In the case of joint holders, the vote of the
senior who tenders a vote whether in person or by proxy (or, if a corporation or other non-natural person, by its duly authorized representative
or proxy) shall be accepted to the exclusion of the votes of the other joint holders and for this purpose seniority shall be determined
by the order in which names stand in the Company’s register of members.
If you are a body corporate, you may (instead
of appointing a proxy) appoint an individual (a representative) to act as your representative at the Meeting. A body corporate wishing
to act by a duly authorized representative must identify that person to the Company by notice in writing delivered to the Company prior
to the Meeting. The Board of Directors reserve the right to require production of any evidence considered necessary to determine the validity
of the notice. Where a duly authorised representative is present at a meeting that shareholder is deemed to be present in person; and
the acts of the duly authorised representative are personal acts of that shareholder.

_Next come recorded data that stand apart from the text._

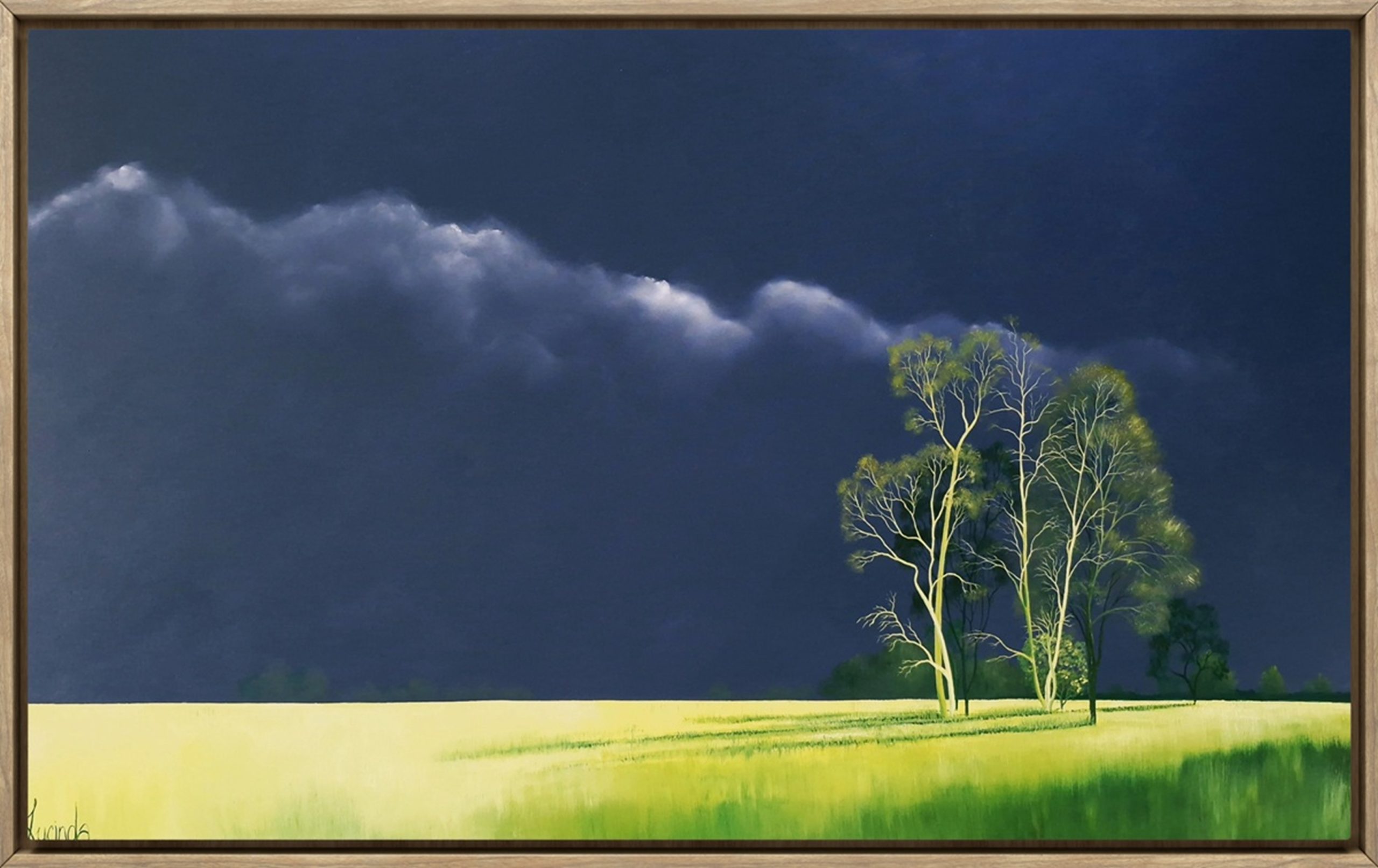 Mesmerised By You Lucinda Leveille  is set in a large landscape format, capturing an enchanting scene under a deep bluish-purple sky. Whispy clouds drift softly across the canvas, their delicate forms disguising the approaching storm, suggesting the fading light of day. The sun, though hidden behind the cloud cover, still evokes a sense of warmth and wonder, as its last radiant rays filter through, illuminating the world below with a nearly blinding brilliance.
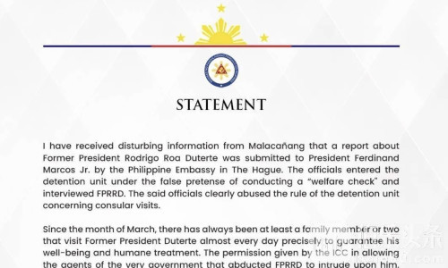 萨拉直言,这些官员的行为严重违反了拘留所的探视规定,完全是“马科斯总统伪装成领事职能的命令”。她强调,自三月以来,杜特尔特几乎每天都有家人前去探望,以确保其健康和待遇。但此次所谓的“福利检查”纯属虚假,甚至可能让杜特尔特的生命陷入直接危险。
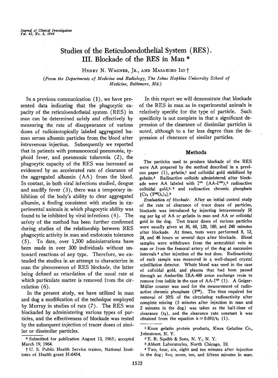 Studies of the Reticuloendothelial System (RES). III. Blockade of the RES in Man
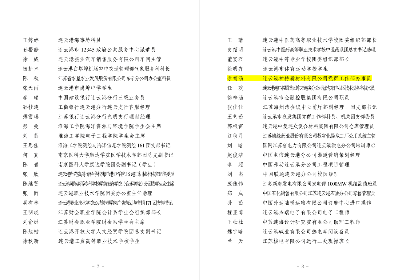 近日,共青團(tuán)連云港市委員會公布了2018年度“連云港市優(yōu)秀共青團(tuán)員”“連云港市優(yōu)秀團(tuán)干部”“連云港市五四紅旗團(tuán)委”“連云港市五四紅旗團(tuán)支部”(總支)名單,我公司員工李筠涵榜上有名,被授予“連云港市優(yōu)秀共青團(tuán)員”稱號。
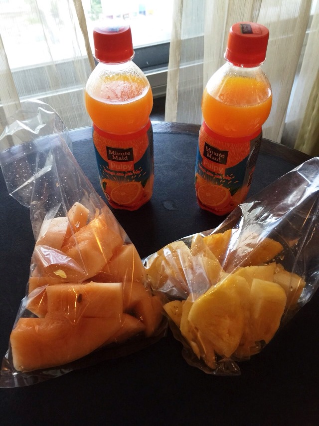 100%オレンジジュースを持って、まずはホテルへ。
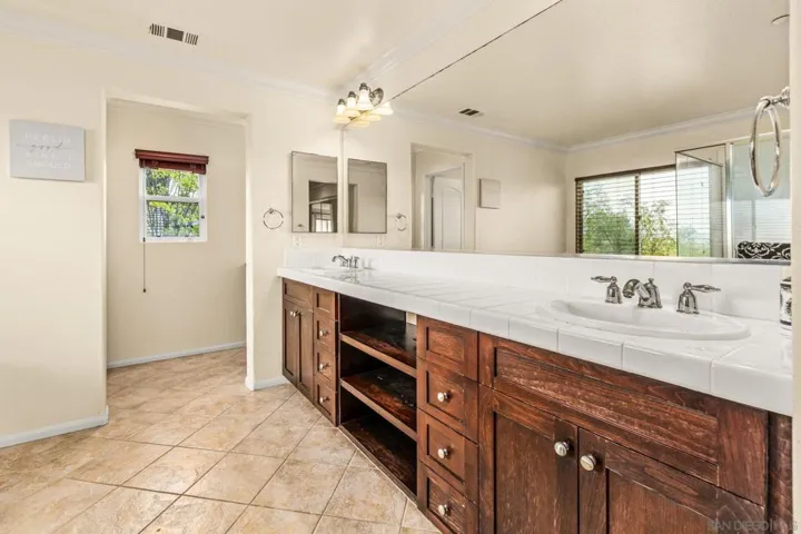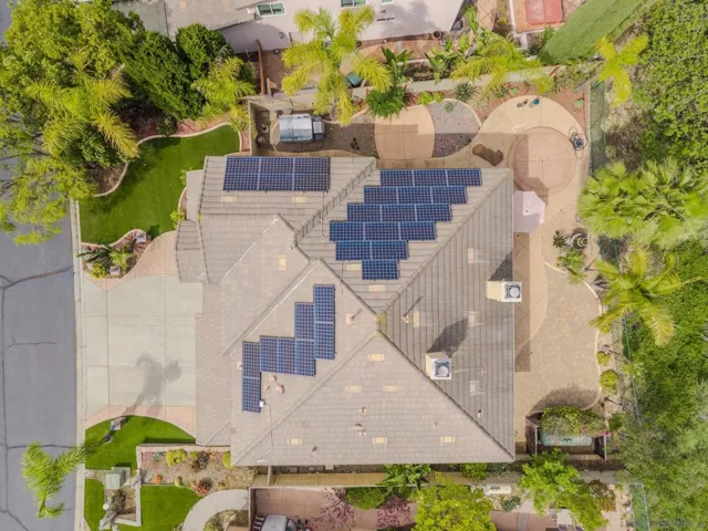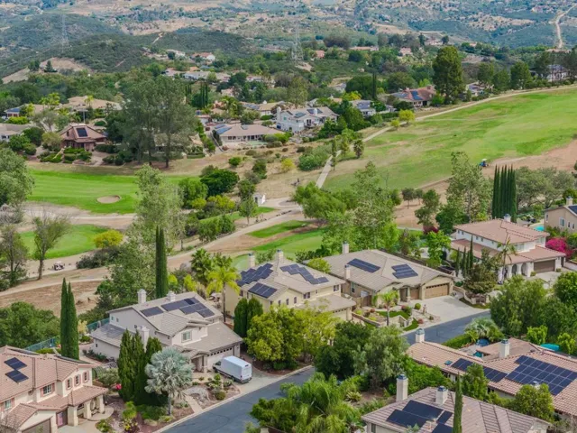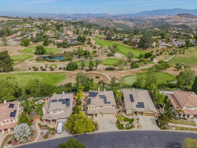 Owned Solar! Views! EV Ready! Stunning 5BR/3BA home in Hidden Meadows featuring soaring ceilings and panoramic golf course/hillside views. Modern layout includes a gourmet granite kitchen, entry-level bed/bath, entry-level bedroom, entry-level office and a spacious family room with custom built-ins. Huge primary suite offers a private fireplace and dual closets. 4 Low-maintenance yard, 220V EV charger, and fully owned solar. Enjoy resort-style living with community pools, tennis, golf, and clubhouse. Your North County retreat awaits!

ANNUAL REPORT TO SHAREHOLDERS
Pursuant to the Marketplace Rules of Nasdaq Stock
Market, LLC (“Nasdaq”), which permit companies to make available their annual report to shareholders on or through
the company’s website, the Company posts its annual reports on the Company’s website. The annual report for the fiscal year
ended September 30, 2024 (the “2024 Annual Report”) has been filed with the U.S. Securities and Exchange Commission.
The Company adopted this practice to avoid the considerable expense associated with mailing physical copies of such report to record holders.
You may obtain a copy of the Company’s 2024 Annual Report to shareholders by visiting the “Financial Reports” group
under the “Financial Information” section of the Company’s website at https://www.linkagecc.com. If you want
to receive a paper or email copy of the Company’s 2024 Annual Report to shareholders, you must request one. There is no charge to
you for requesting a copy. Please make your request for a copy to the investor relationships contact of the Company at ir@linkagecc.com.
PROPOSAL NO. 1 THROUGH NO. 5
RE-ELECTION OF DIRECTORS
To consider and approve a proposal for the Company to re-elect current
directors to hold office until the next annual general meeting of shareholders of the Company or until his or her appointment is otherwise
terminated in accordance with the articles of association of the Company.
DIRECTORS FOR ELECTION
The directors named below will seek re-election at
the Meeting. If re-elected, each director will hold office until the next general meeting of the shareholders of the Company or until
his or her appointment is otherwise terminated in accordance with the articles of association of the Company.
Mr. Zhihua Wu has been
our Chief Executive Officer since March 2022 and been our Director and Chairman of the Board since March 2023. He has served
as the Chief Executive Officer of Chuancheng Digital, HQT NETWORK, and EXTEND since June 2021, March 2016, and July 2011,
respectively, and is responsible for the management of day-to-day operations and high-level strategizing and business planning.
Prior to joining our Company, Mr. Wu was the CEO of Tsuukanmuri Co., Ltd., a Japanese company focusing on import and export trade,
from June 2010 to June 2011. Mr. Wu received his Bachelor’s degree in Information Electronic System Engineering from
Daiichi Institute of Technology in 2010. As of the date of this annual report, Mr. Wu also holds the following prominent positions
outside of the Company: (i) vice president of the first council of Fuzhou Cross-border E-commerce Association and (ii) vice
president of Minhou County Youth Entrepreneurship Promotion Association.
Mr. Ryo Fuyunishiki has
been our Director and Chief Operating Officer since March 2023. He has served as the Chief Operating Officer of the Company’s
subsidiary, EXTEND, since 2011. He obtained his Bachelor’s degree in Economics from Takushoku University in 2006.
Ms. Hui Li has been our
independent director since September 2024. She has over a decade of experience in legal practice. Since September 2023, Ms.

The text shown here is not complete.